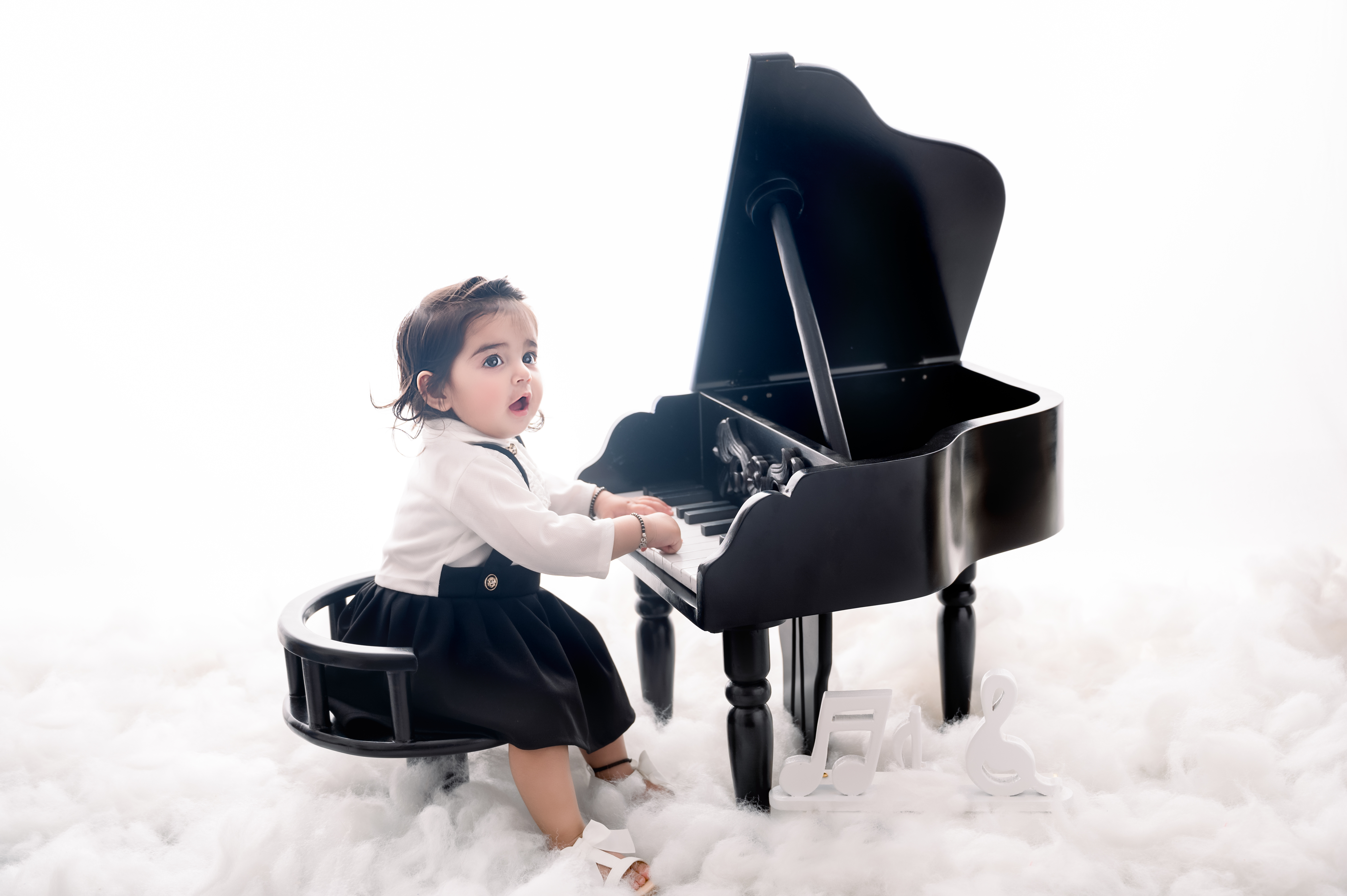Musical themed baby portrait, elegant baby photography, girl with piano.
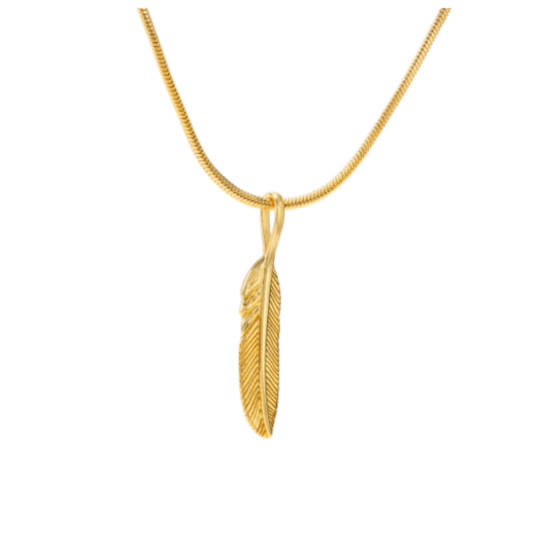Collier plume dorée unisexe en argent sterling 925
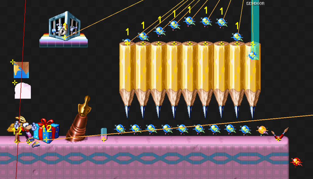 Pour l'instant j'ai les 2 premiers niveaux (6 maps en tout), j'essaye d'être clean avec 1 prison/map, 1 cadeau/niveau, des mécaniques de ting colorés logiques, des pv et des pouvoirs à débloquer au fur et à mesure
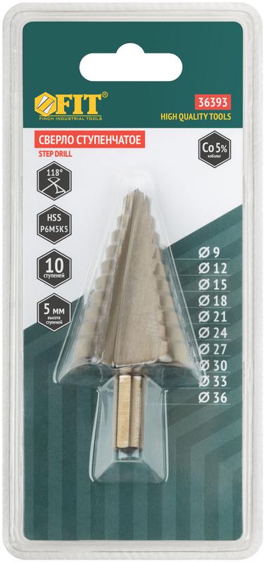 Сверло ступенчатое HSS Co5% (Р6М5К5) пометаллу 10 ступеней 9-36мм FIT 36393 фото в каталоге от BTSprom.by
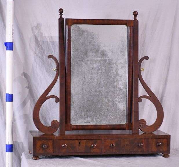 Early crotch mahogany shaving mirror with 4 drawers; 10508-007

------------------------------------

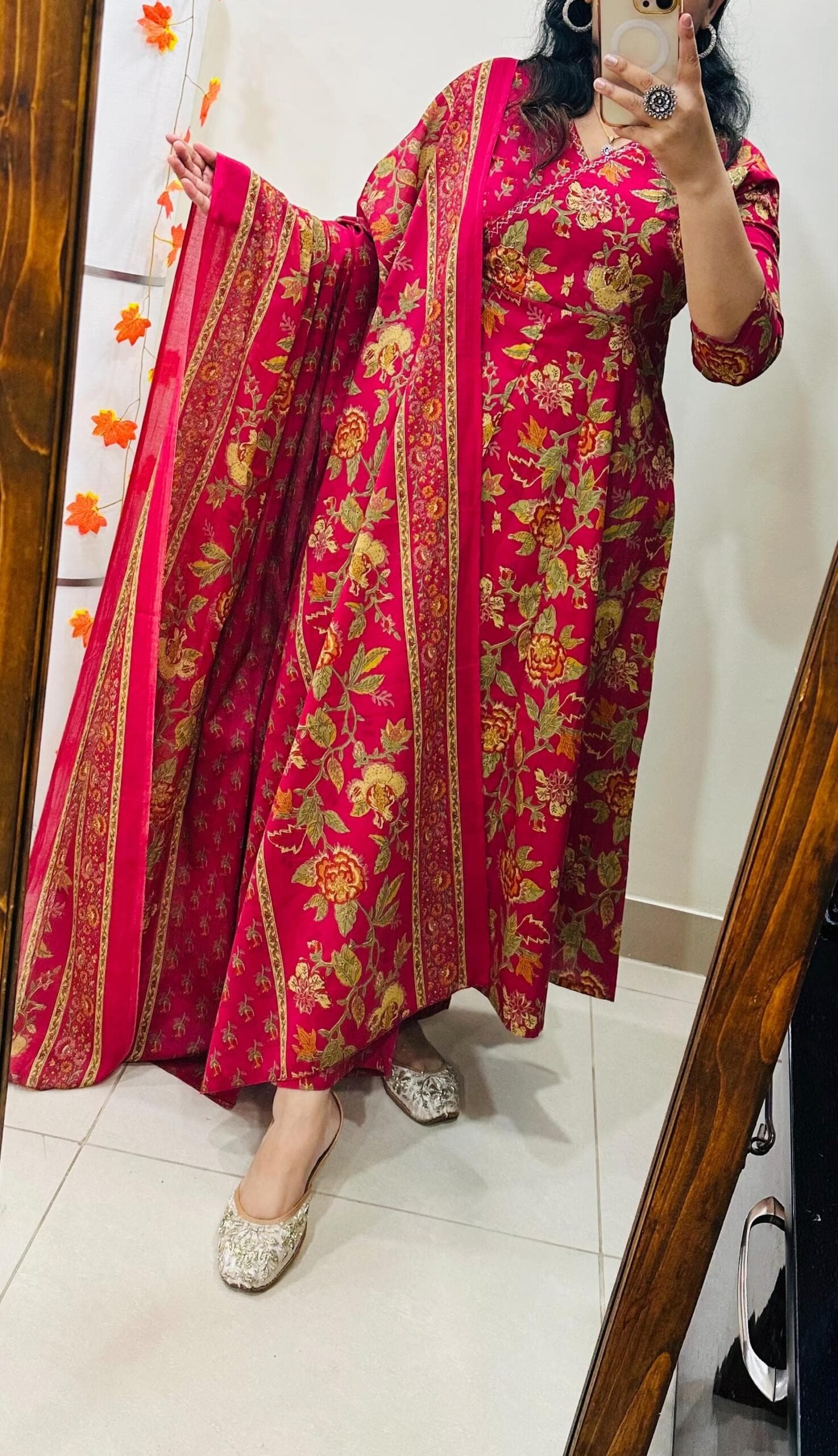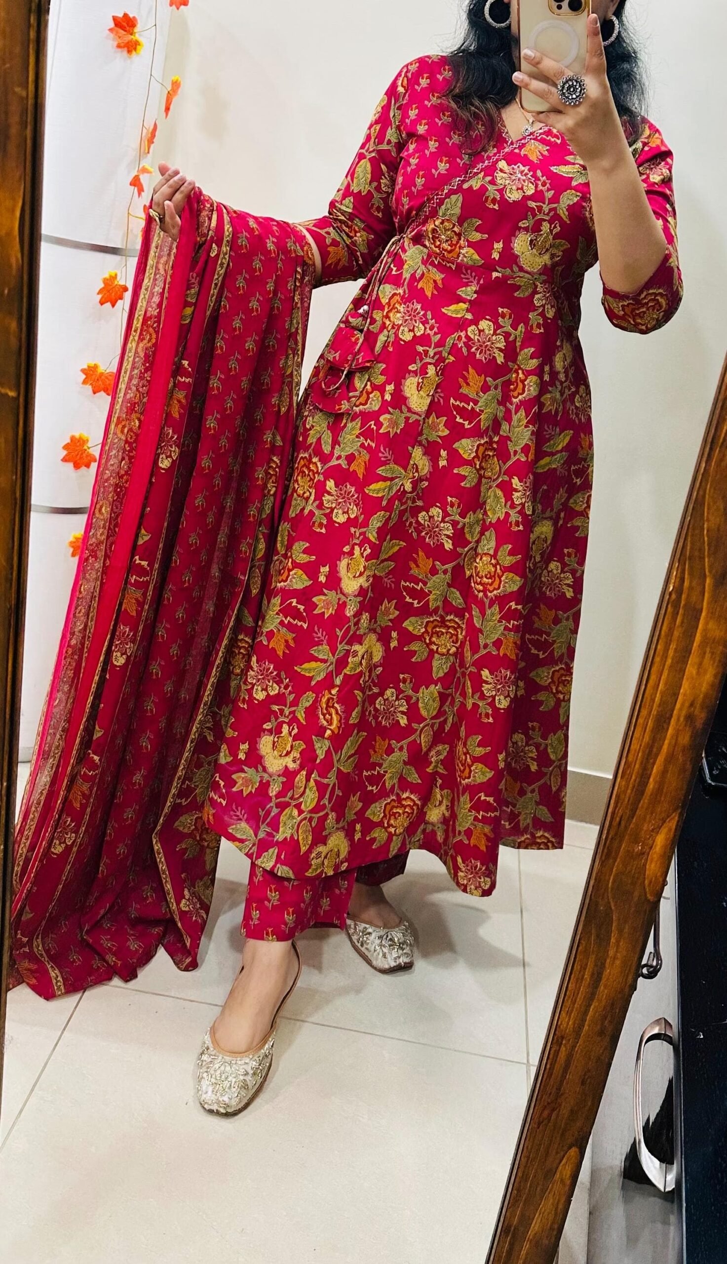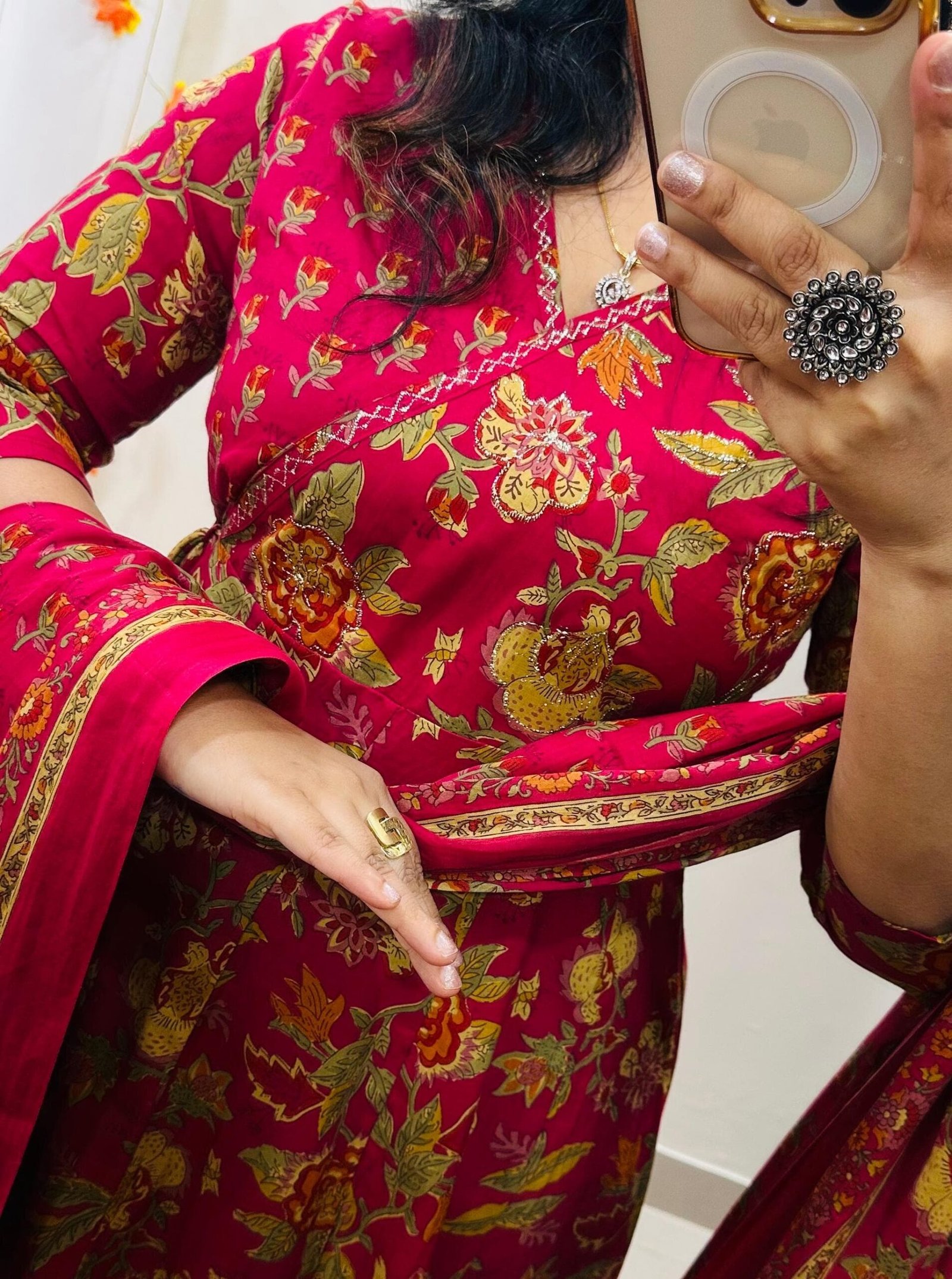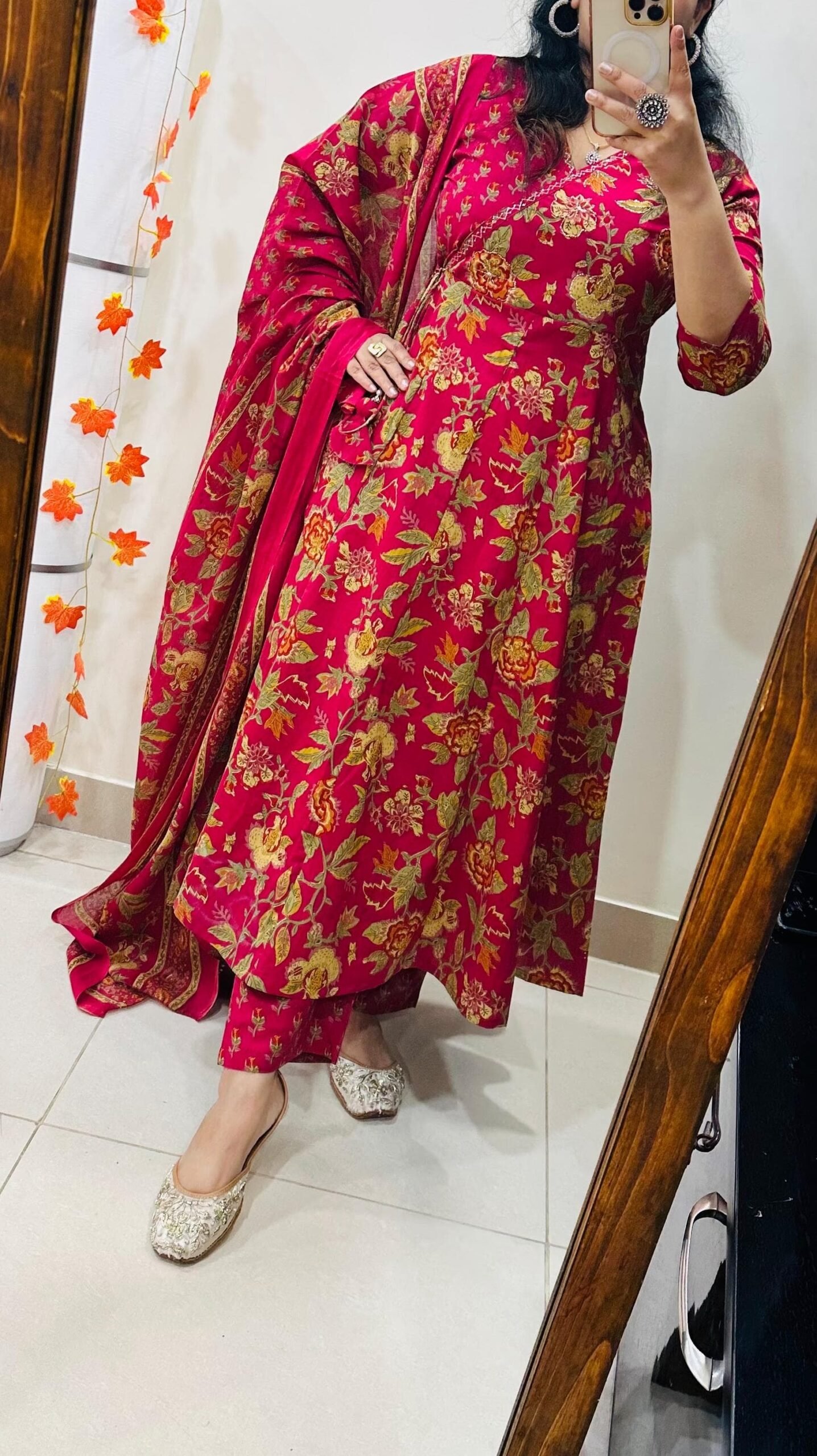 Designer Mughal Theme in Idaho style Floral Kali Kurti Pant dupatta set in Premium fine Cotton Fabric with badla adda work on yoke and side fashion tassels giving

------------------------------------

Brief
Once the line with "Musical themed baby" is found in the data above, reproduce it and each line after it exactly, through the line with "Collier plume dorée". Omit the pictures.

Exercise result
Musical themed baby portrait, elegant baby photography, girl with piano.
Collier plume dorée unisexe en argent sterling 925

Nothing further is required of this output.